4.23. Niet is komen vast te staan dat het door Anex Ltd als productie 2 bij conclusie van repliek overgelegde aanvraagformulier van 16 augustus 1996, waarin bevestigend is geantwoord op de vraag of brandgevaarlijke stoffen (alcohol) werden gebruikt/verwerkt/opgeslagen/vervoerd, verzekeraars heeft bereikt. De heer [D] verklaart:
“Ik herinner me niet dat ik een aanvraagformulier heb gezien.”
[B] verklaart:
“U houdt mij voor de verklaring van de getuige [E] van 19 november 2004, waarin hij spreekt over een ‘aanvraagformulier voor de verzekering’. Zo’n formulier zegt mij niks (…).”
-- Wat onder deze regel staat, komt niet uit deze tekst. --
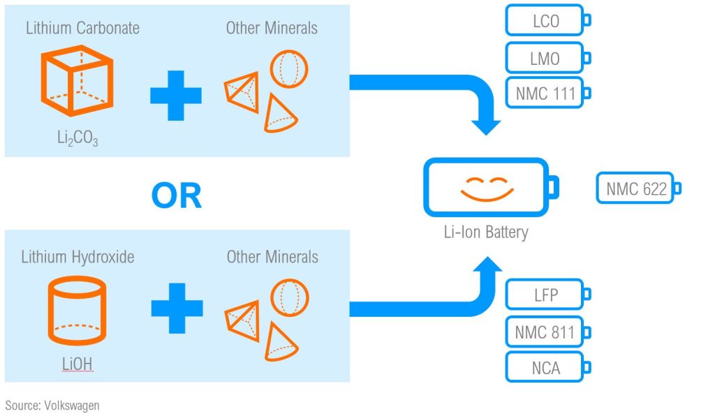 Not all li-ion batteries are the same, there are several li-ion subchemistries that are used in different applications. For instance, Lithium Cobalt Oxide (LCO) is most often used in personal electronic devices, whereas Lithium Nickel Manganese Cobalt Oxide (NMC) is the basis of the new Tesla 4680 battery. Generally, the differences in li-ion subchemistries primarily manifest within the cathode chemistry – an internal component to the li-ion cell. Some li-ion subchemistries require the use of Lithium Hydroxide, while others use Lithium Carbonate.

4.24. Van de zijde van Anex Ltd is er geen contact geweest met verzekeraars. Zo verklaart [F], directeur van Anex:
“Ik onderhield geen contacten met verzekeraars. Die contacten werden onderhouden door de Generale.”
4.25. Geen van de getuigen heeft verklaard dat ten tijde van de totstandkoming van de verzekeringsovereenkomst aan verzekeraars is gemeld dat in de betreffende loods te Antwerpen alcohol verwerkt en opgeslagen werd.
4.26. Uit hetgeen hiervoor is overwogen vloeit voort dat sprake was van verzwijging in de zin van artikel 251 K, dat voldaan is aan de aan het inroepen van de nietigheid van de overeenkomst te stellen eisen en dat dus de vordering moet worden afgewezen.
4.27. Bespreking van hetgeen Anex Ltd overigens nog heeft aangevoerd kan achterwege blijven nu dit, gelet op het slagen van het beroep van verzekeraars op verzwijging in de zin van artikel 251 K, niet kan leiden tot toewijzing van de vordering.
4.28. Anex Ltd zal als de in het ongelijk gestelde partij worden veroordeeld in de proceskosten. De kosten aan de zijde van verzekeraars worden begroot op:
- griffierecht 3.396,54
- getuigenkosten 940,00
- salaris advocaat 9.030,00 (3,5 punten × tarief EUR 2.580,00)
Totaal EUR 13.366,54
5. De beslissing
De rechtbank
5.1. verklaart Anex BV niet-ontvankelijk in haar vordering;
5.2. wijst de vordering van Anex Ltd af;
5.3. veroordeelt Anex Ltd in de proceskosten, aan de zijde van verzekeraars tot op heden begroot op EUR 13.366,54.
Dit vonnis is gewezen door mr. S.C.C. Hes-Bakkeren en in het openbaar uitgesproken op 20 juli 2011.